Secondly, most clinical tools used to estimate the risk of LRS in prostate cancer are based upon radical prostatectomy series that employed limited lymph node dissection. It has been demonstrated that standard/limited pelvic lymph node dissections may result in false negative rates for pathological involved nodes of over 50 % compared to extended dissections [33]. Nomogram algorithms that have been derived from this data may therefore generate estimates of LNI that are deceptively low.

Thirdly, there is a danger that data entry errors may result in grossly inaccurate estimates of LRS and incorrect clinical decision-making. For example, a misplaced decimal point, or inputting the post-ADT PSA rather than PSA at diagnosis may alter the nomogram estimates considerably. The latter error occurred twice in our study and resulted in artificially low estimates of LRS and incorrect non-treatment of seminal vesicles and pelvic nodes in these patients. Simple safeguards would prevent such errors from occurring, for example, an observer to verify correct data entry and nomogram use.

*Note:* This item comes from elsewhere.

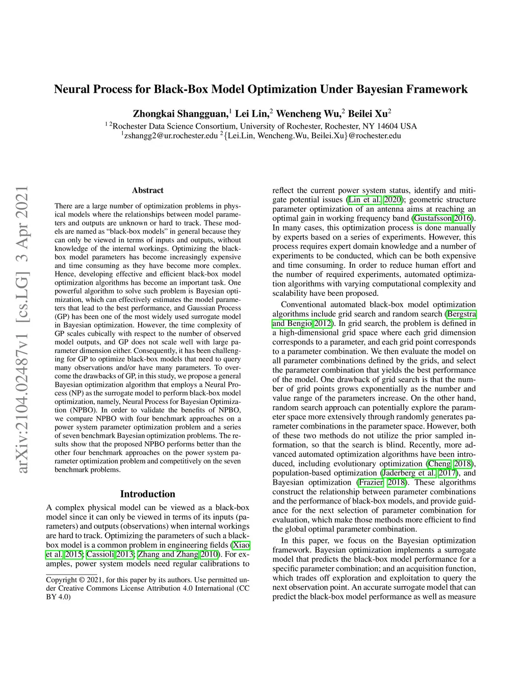 There are a large number of optimization problems in physical models where the relationships between model parameters and outputs are unknown or hard to track. These models are named as black-box models in general because they can only be viewed in terms of inputs and outputs, without knowledge of the internal workings. Optimizing the black-box model parameters has become increasingly expensive and time consuming as they have become more complex. Hence, developing effective and efficient black-box model optimization algorithms has become an important task. One powerful algorithm to solve such problem is Bayesian optimization, which can effectively estimates the model parameters that lead to the best performance, and Gaussian Process (GP) has been one of the most widely used surrogate model in Bayesian optimization. However, the time complexity of GP scales cubically with respect to the number of observed model outputs, and GP does not scale well with large parameter dimension either. Consequently, it has been challenging for GP to optimize black-box models that need to query many observations and/or have many parameters. To overcome the drawbacks of GP, in this study, we propose a general Bayesian optimization algorithm that employs a Neural Process (NP) as the surrogate model to perform black-box model optimization, namely, Neural Process for Bayesian Optimization (NPBO). In order to validate the benefits of NPBO, we compare NPBO with four benchmark approaches on a power system parameter optimization problem and a series of seven benchmark Bayesian optimization problems. The results show that the proposed NPBO performs better than the other four benchmark approaches on the power system parameter optimization problem and competitively on the seven benchmark problems.

Fourthly, there are small sub-groups of prostate cancer patients who are not suitable for nomogram-directed adaptation of treatment. Outcomes for PSA-negative tumours for example are not correctly predicted with current nomograms. This group however represents only a very select subset of patients (1 % or less of total prostate cancer cases) who very often present late with metastatic disease that is not suitable for curative treatment [34]. Neuroendocrine carcinoma of the prostate is another group for which standard prognostic tools are similarly unsuitable.

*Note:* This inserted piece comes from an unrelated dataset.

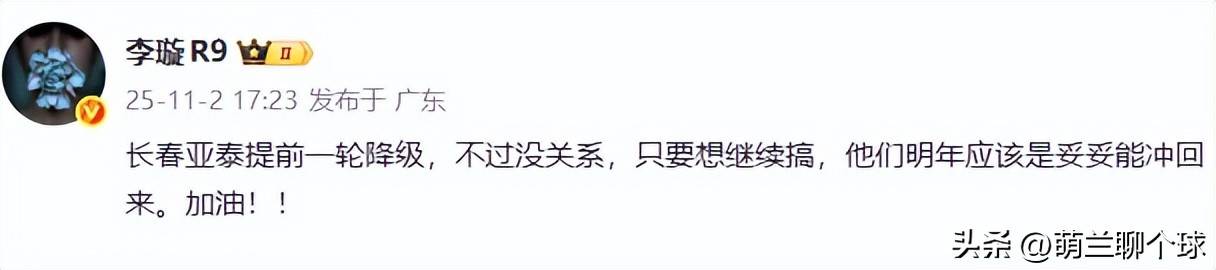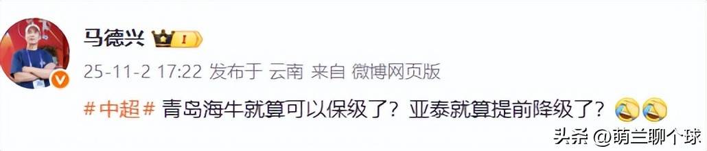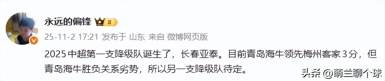 比赛结束后,各路足球媒体人也纷纷发表了自己的看法。记者陈永直言:“2025中超第一支降级队诞生了,长春亚泰。目前青岛海牛领先梅州客家3分,但青岛海牛胜负关系劣势,所以另一支降级队待定。”名记李璇则鼓励长春亚泰:“长春亚泰提前一轮降级,不过没关系,只要想继续搞,他们明年应该是妥妥能冲回来。加油!”而体坛老记马德兴则显得有些谨慎:“青岛海牛就算可以保级了?亚泰就算提前降级了?”

A further lesson from our experience was appreciating the danger in over-complicating treatment. The novel treatment regimen used in this study involves a number of features that increase its complexity compared to standard practice. These include the use of a nomogram to define risk of LRS and adapt target delineation, protocolised generation of multiple target structures to be treated using up to three different dose levels, and a hypofractionated regimen with many unfamiliar dose constraints. Added complexity is liable to increase the likelihood of errors and protocol non-compliance and must be justified with a benefit to clinical outcomes. We identified a number of examples of this, including rotation of the simulation CT images to contour the proximal seminal vesicles along their axes, or the use of multiple, redundant dose constraints for rectum and bladder. Here, excessive and unfamiliar processes are unlikely to improve outcomes and should be simplified. If additional complexity is value-adding, it may be necessary to implement further safeguards such as peer review of contouring and the use of checklists to maximise protocol compliance.

We have demonstrated feasibility and deliverability of a complex risk-adapted treatment for patients with HRPC. Many future directions are being pursued along similar lines. The use of more extreme hypofractionation coupled with pelvic radiotherapy is increasing, for example in the ‘SATURN’ trial, in which stereotactic radiotherapy treatment is administered over 5 fractions to both the prostate and pelvic lymph nodes. A similar protocol used in the earlier ‘FASTR’ trial however resulted in unacceptable levels of late toxicity, suggesting caution in using such an approach [35].

In contrast, emerging imaging modalities such as PSMA PET are likely to detect early metastatic spread with increased sensitivity, which may reduce the number of at-risk patients with negative staging investigations who are therefore candidates for elective loco-regional treatment. If this does eventuate, however, we would then face the question of how to treat this growing group of patients with early loco-regional or oligometastatic disease, an area where there is again a paucity of evidence to guide management. It is likely that the management of prostate cancer will shift further towards a risk-adapted approach as the results of current trials and integration of new imaging into clinical practice continues.

Conclusions

We have demonstrated the feasibility of this novel risk-adapted radiation treatment protocol for HRPC. This study has identified key learning points regarding this approach, including the importance of standardization and updating of risk quantification tools, and the utility of an observer to verify their correct use.